* _Stored data_
'''

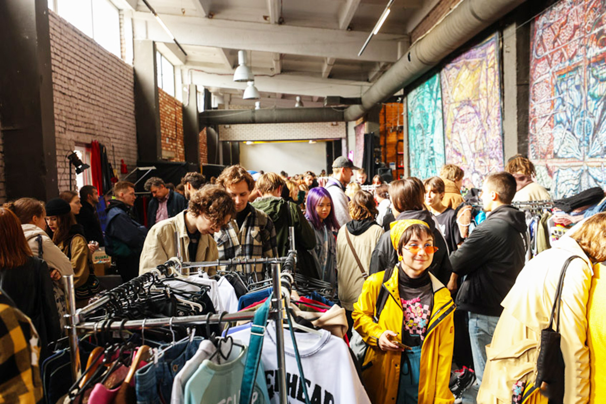 Посетить "Open Шкаф" можно 18 сентября с 12:00 до 20:00.Первое, что бросается в глаза, нескончаемое количество стоек с одеждой. Здесь можно найти юбки, брюки, свитера, худи, тренчи.
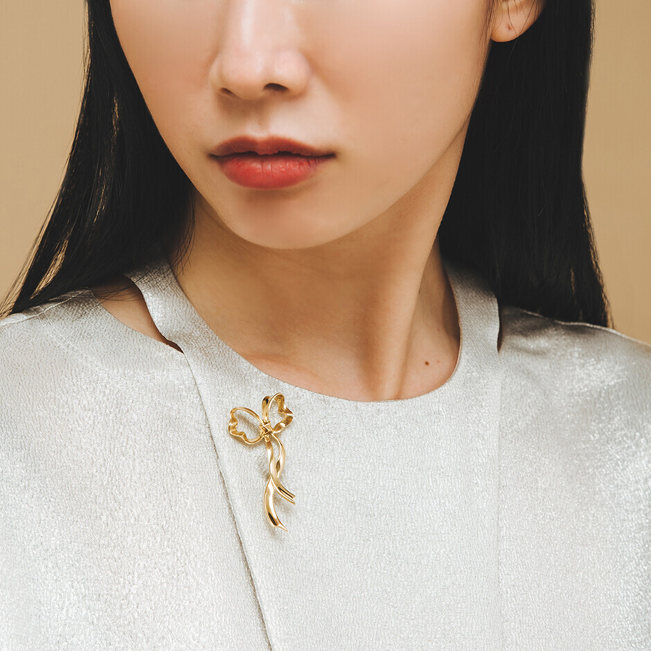 20세기 이전부터 사용되던 보우 디자인은 벨에포크 시대에 프랑스 바로크 로코코시대의 의상에서 영감 받아 레이스와 함께 더욱 다양하게 표현 되었습니다. 특히 2차 세계 대전 때 전쟁으로 인한 플래티늄 사용이 어려워지자 무른 금의 성질을 이용하여 금을 패브릭 처럼 자유자재로 표현 하게 되며, 보우의 전성기를 가져옵니다. 이 제품 또한 우아하게 흔들리는 패션에서의 보우를 완벽하게 표현하며, 비대칭성의 아름다움을 핸드메이드로 더욱 돋보이게 합니다.
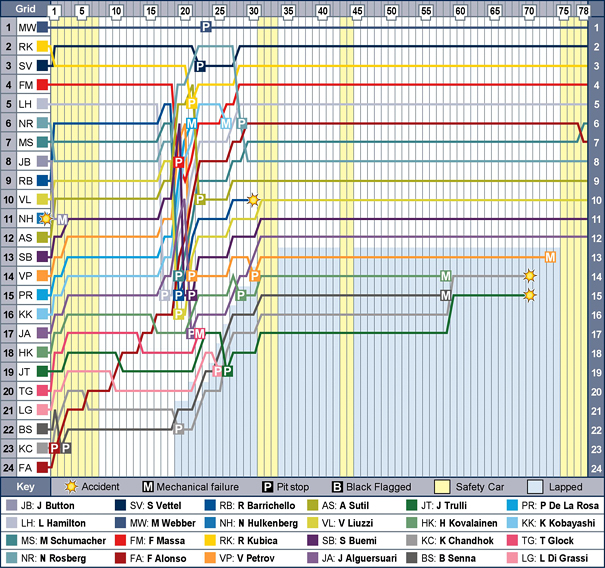 Στην 4η θέση, απ' όπου εκκίνησε, είδε την καρό σημαία ο Felipe Massa, με πίσω του τον Lewis Hamilton, ο οποίος αντιμετώπισε προβλήματα υπέρμετρης φθοράς των φρένων του εμπρός άξονα της McLaren του. Την 6η θέση κατάφερε να κλέψει στην τελευταία στροφή ο Michael Schumacher από τον Fernando Alonso, με την αποχώρηση του αυτοκινήτου ασφαλείας. Ωστόσο, οι αγωνοδίκες (μέλος των οποίων ήταν και o Damon Hill, ένας από τους μεγάλους αντιπάλους του Schumacher), τιμώρησαν με ποινή 20 δευτερολέπτων το Γερμανό, επειδή οι κανονισμοί ορίζουν ότι κανείς δεν έχει το δικαίωμα να προσπεράσει εφόσον το αυτοκίνητο ασφαλείας βρίσκεται στην πίστα στον τελευταίο γύρο και αποχωρεί για το pit lane στο τέλος του. Με την ποινή, ο Schumacher έπεσε στη 12η θέση, τελευταίο δηλαδή από αυτούς που πέρασαν τη γραμμή του τερματισμού, καθώς τα μονοθέσια βρίσκονταν πολύ κοντά μεταξύ τους, όντας πίσω από το αυτοκίνητο ασφαλείας. Εντούτοις, η ομάδα της Mercedes άσκησε έφεση στην απόφαση των αγωνοδικών και το ζήτημα θα αναλάβει να διευθετήσει το Διεθνές Εφετείο της FIA.

'''

* _Instructions to follow_
Apart from the pictures, every line above must be printed exactly.

* _Result below_
 Посетить "Open Шкаф" можно 18 сентября с 12:00 до 20:00.Первое, что бросается в глаза, нескончаемое количество стоек с одеждой. Здесь можно найти юбки, брюки, свитера, худи, тренчи.
 20세기 이전부터 사용되던 보우 디자인은 벨에포크 시대에 프랑스 바로크 로코코시대의 의상에서 영감 받아 레이스와 함께 더욱 다양하게 표현 되었습니다. 특히 2차 세계 대전 때 전쟁으로 인한 플래티늄 사용이 어려워지자 무른 금의 성질을 이용하여 금을 패브릭 처럼 자유자재로 표현 하게 되며, 보우의 전성기를 가져옵니다. 이 제품 또한 우아하게 흔들리는 패션에서의 보우를 완벽하게 표현하며, 비대칭성의 아름다움을 핸드메이드로 더욱 돋보이게 합니다.
 Στην 4η θέση, απ' όπου εκκίνησε, είδε την καρό σημαία ο Felipe Massa, με πίσω του τον Lewis Hamilton, ο οποίος αντιμετώπισε προβλήματα υπέρμετρης φθοράς των φρένων του εμπρός άξονα της McLaren του. Την 6η θέση κατάφερε να κλέψει στην τελευταία στροφή ο Michael Schumacher από τον Fernando Alonso, με την αποχώρηση του αυτοκινήτου ασφαλείας. Ωστόσο, οι αγωνοδίκες (μέλος των οποίων ήταν και o Damon Hill, ένας από τους μεγάλους αντιπάλους του Schumacher), τιμώρησαν με ποινή 20 δευτερολέπτων το Γερμανό, επειδή οι κανονισμοί ορίζουν ότι κανείς δεν έχει το δικαίωμα να προσπεράσει εφόσον το αυτοκίνητο ασφαλείας βρίσκεται στην πίστα στον τελευταίο γύρο και αποχωρεί για το pit lane στο τέλος του. Με την ποινή, ο Schumacher έπεσε στη 12η θέση, τελευταίο δηλαδή από αυτούς που πέρασαν τη γραμμή του τερματισμού, καθώς τα μονοθέσια βρίσκονταν πολύ κοντά μεταξύ τους, όντας πίσω από το αυτοκίνητο ασφαλείας. Εντούτοις, η ομάδα της Mercedes άσκησε έφεση στην απόφαση των αγωνοδικών και το ζήτημα θα αναλάβει να διευθετήσει το Διεθνές Εφετείο της FIA.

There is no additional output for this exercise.